At the beginning of 2019, just as my "TRIBE CALLED CATS" project came to an end, my sister and I lost our dearest Mother abruptly to cancer. The rest of 2019 is only a blur to me now, consisting of overwhelming grief all while working 13-hour graveyard shifts as a technician. At the very beginning of 2020, I began making a few molds (8 layers of silicon, followed by a rigid mother-mold) of some of my favorite pieces I had sculpted throughout the years. The process was humbling and tedious, but it was the first time in months that I felt anything other than the bottom. I began to feel normal. Music made me happy again and sounded like it had, and so I began utilizing every available time slot to get better and more precise with the mold making.
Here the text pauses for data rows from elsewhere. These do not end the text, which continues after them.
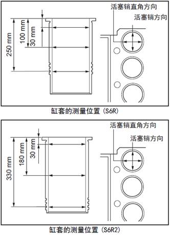 選擇三菱S6R柴油發(fā)動機缸套內(nèi)側(cè)的上部( 上死點時No.1 氣環(huán)的位置)、中間部分和O形圈插入部分,沿三菱S6R柴油發(fā)動機活塞銷方向及其直角方向,測量三菱S6R柴油發(fā)動機缸套的內(nèi)徑。
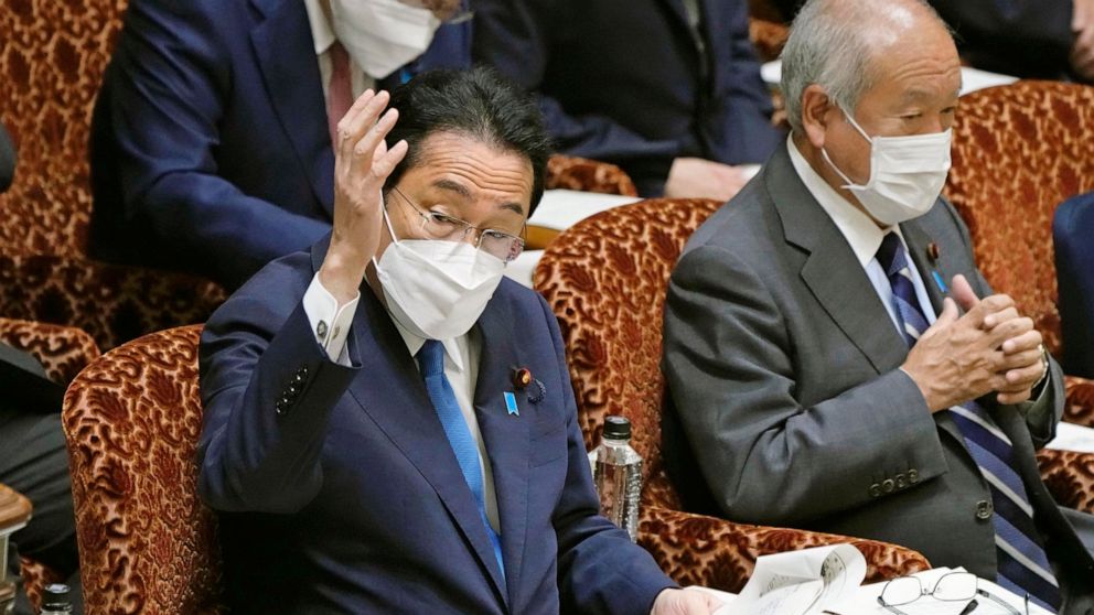 Japanese Prime Minister Fumio Kishida raises hand to speak at Budget Committee of the upper house of the Diet, Tuesday May 31, 2022 in Tokyo. Japan’s parliament on Tuesday enacted a 2.7 trillion yen ($21 billion) extra budget to tackle soaring fuel and food prices following Russian invasion of Ukraine. (Kyodo News via AP)
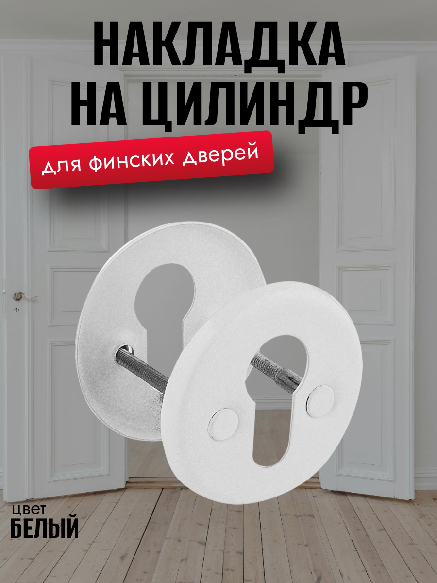 Накладка на двери межкомнатные под флажковый ключ, накладная установка, стальная, с белым цветом
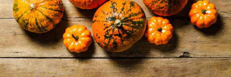 Pumpkins on a wooden background. Harvest concept, autumn, Halloween eve. Banner. Flat lay, top view.
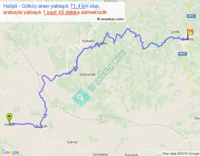 Hatipli - Gölköy arası yaklaşık olarak 90 km/h ile yukarıda belirtilen sürede olup, iki yerin kuş uçuşu uzaklığı (mesafesi) 37'dir. Yolculuk otobüsle 2 saat 16 dakika sürmektedir.
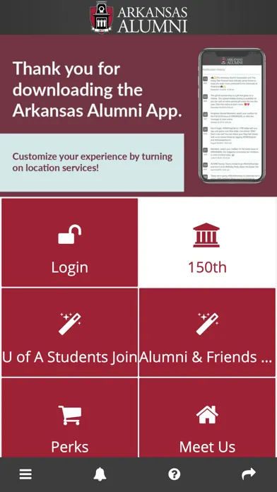 The Arkansas Alumni App connects alumni, friends and fans of the University of Arkansas and brings the power of your Alumni Association membership to your fingertips! Find Arkansas Alumni events near you and receive the latest news from the Hill! Members can also access a mobile membership card, enjoy benefits and discounts on the go, and easily renew your membership from your phone. This FREE app is a must for all Arkansas Alumni, students, fans, friends and members!
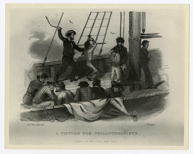 Monochrome engraving of the whale spitting Jonah, who is bearded, onto a shore scattered with shells of various shapes and sizes. There is a two-masted ship and several single-masted ships in the background and a costal city whose architecture is dominated by low domes, flat roofs, and arches; behind it are mountains. Margins are marked off by lines of red ink. Text above the engraving reads "Jonah is delivered from the fish. Jonah: 1." Text below the engraving reads "Then Jonah prayed unto the LORD his God out of the fishes [see note] belly, v: 1: etc: And the LORD spake unto the fish and it vomited out Jonah upon the dry land. vers: 10." Page is marked with page number 76 in bottom right corner.
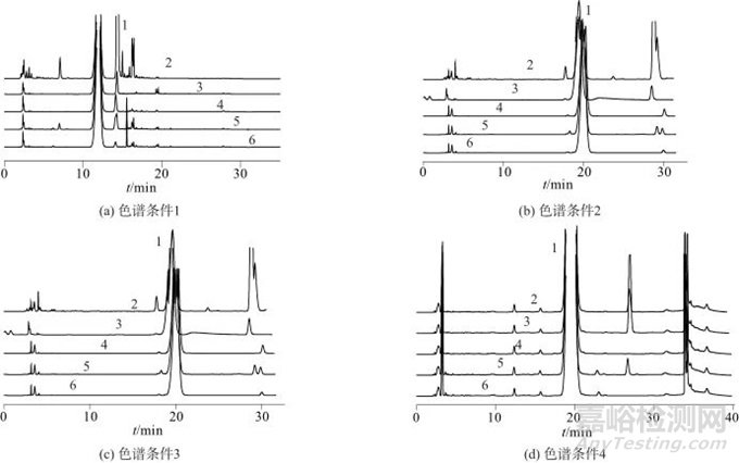 圖2 不同色譜條件下PMP-氨基葡萄糖衍生物色譜圖
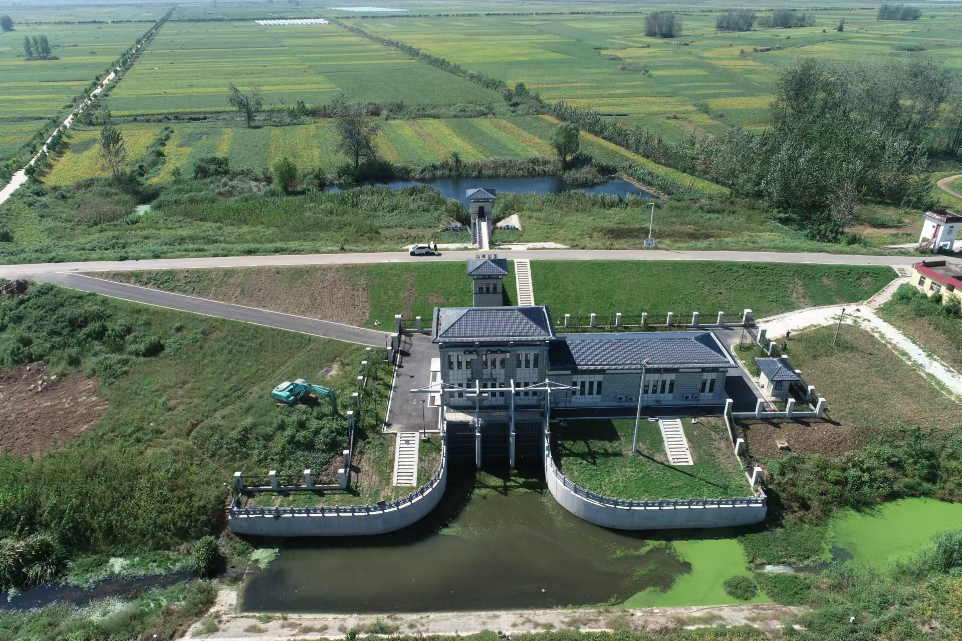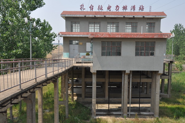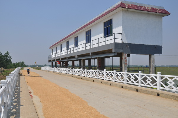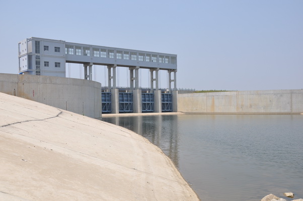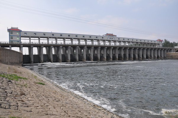八里河閘  潁上縣八里河閘位于沙潁河潁右右堤,新建八里河閘為6孔涵洞,三孔一聯??刂屏饔蛎娣e483km2,5年一遇設計除澇流量264m3/s,垂直水流方向總
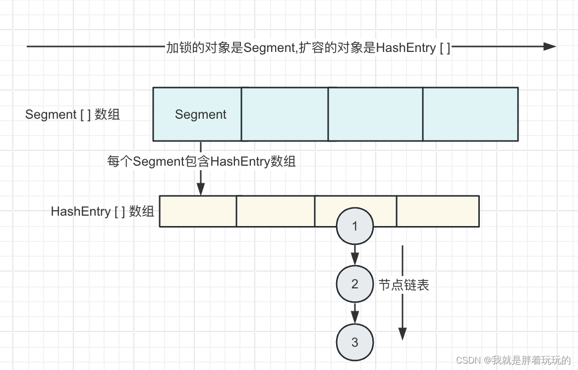 JDK7 ConcurrentHashMap JDK7 中的 ConcurrentHashMap 通过分段锁和哈希表的组合实现了高效的并发操作。每个 Segment 独立进行操作,通过减小锁的粒度来提高并发性能。下节我们来看JDK8中对ConcurrentHashMap又有哪些改进!!!
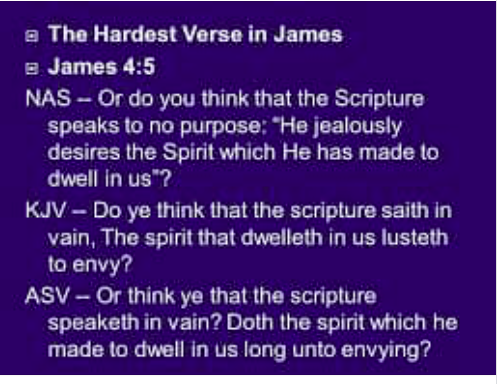 These are some things to consider and they will greatly affect the way you understand the book of James, but for now, let's get back to looking at how various bible versions have translated James 4:5 and what it really means.
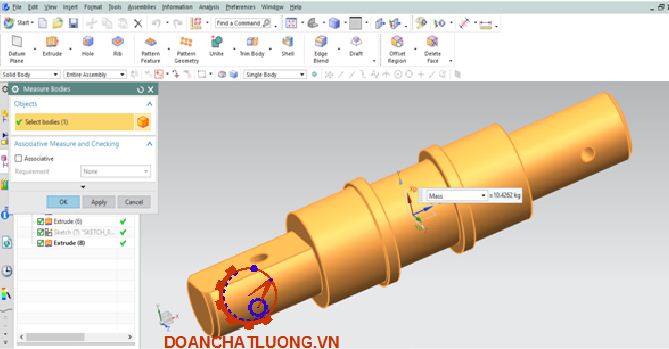 - Khối lượng của chi tiết là: 10,4262 kg (hiện thị trong ô Mass)
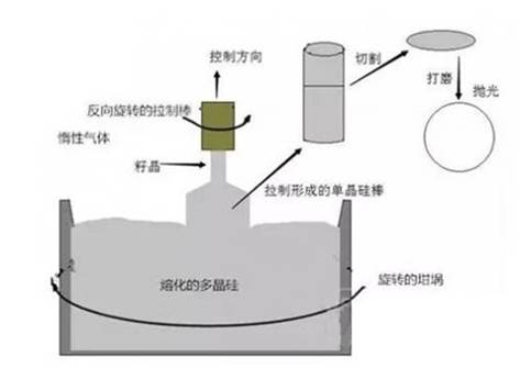 為了形成單晶硅,還需要控制晶體的方向,坩堝帶著多晶硅熔化物在旋轉(zhuǎn),把一顆籽晶浸入其中,并且由拉制棒帶著籽晶作反方向旋轉(zhuǎn),同時慢慢地、垂直地由硅熔化物中向上拉出。
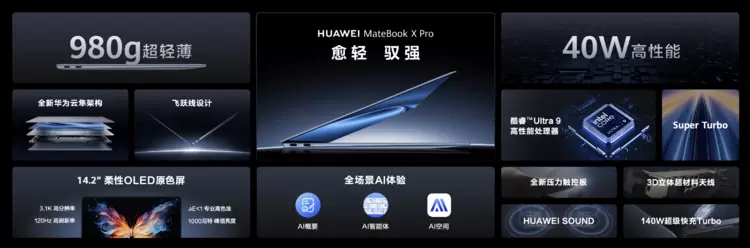 - 全新华为MateBook X Pro发布!将Ultra9放入980g超轻薄机身,华为笔记本中轻且强的最优解

At the beginning of March 2020: I began gathering "things to make things with", as I deemed these as the true essentials if things began to spiral out of control. Hundreds of pounds of mold making materials followed by hundreds of pounds of casting materials.
1999 - 2007 Wood Sculpture
I began my art career as physical therapy after surviving a house fire caused by a natural gas explosion. The fire occurred at a rental garage apartment near U of H where I was attending school. It was at night, and I assume I was asleep. I have little recollection neither of the accident nor of my hospital stay. I will refrain from the gory details of my hospital stay, as I rarely speak of this experience anymore. The experience changed me profoundly. I could not have made it through without the love and support from my family and friends. Most of my burns were to my arms, neck and back, with the worst of the damage to both arms. My grafts took well, but muscle, tendons and veins had been severely damaged in the flash of the explosion, thus making therapy a grueling, torturous and constant event. After 3 months my left arm and hand had definite improvement however, from the wrist down on my right hand I had little movement at all. Surgeons warned that if there was no immediate progress in the movement of the wrist, fingers, and knuckles that permanent loss was inevitable. This is when I was ordered to find a hobby which I could spend all day doing.
Soon after creating my first couple of carvings, I found myself completely obsessed and, more importantly, happy. The rush of creating and the concept of endless possibilities motivated me beyond words. Needless to say, I made a tremendous recovery and found true happiness in the same stride.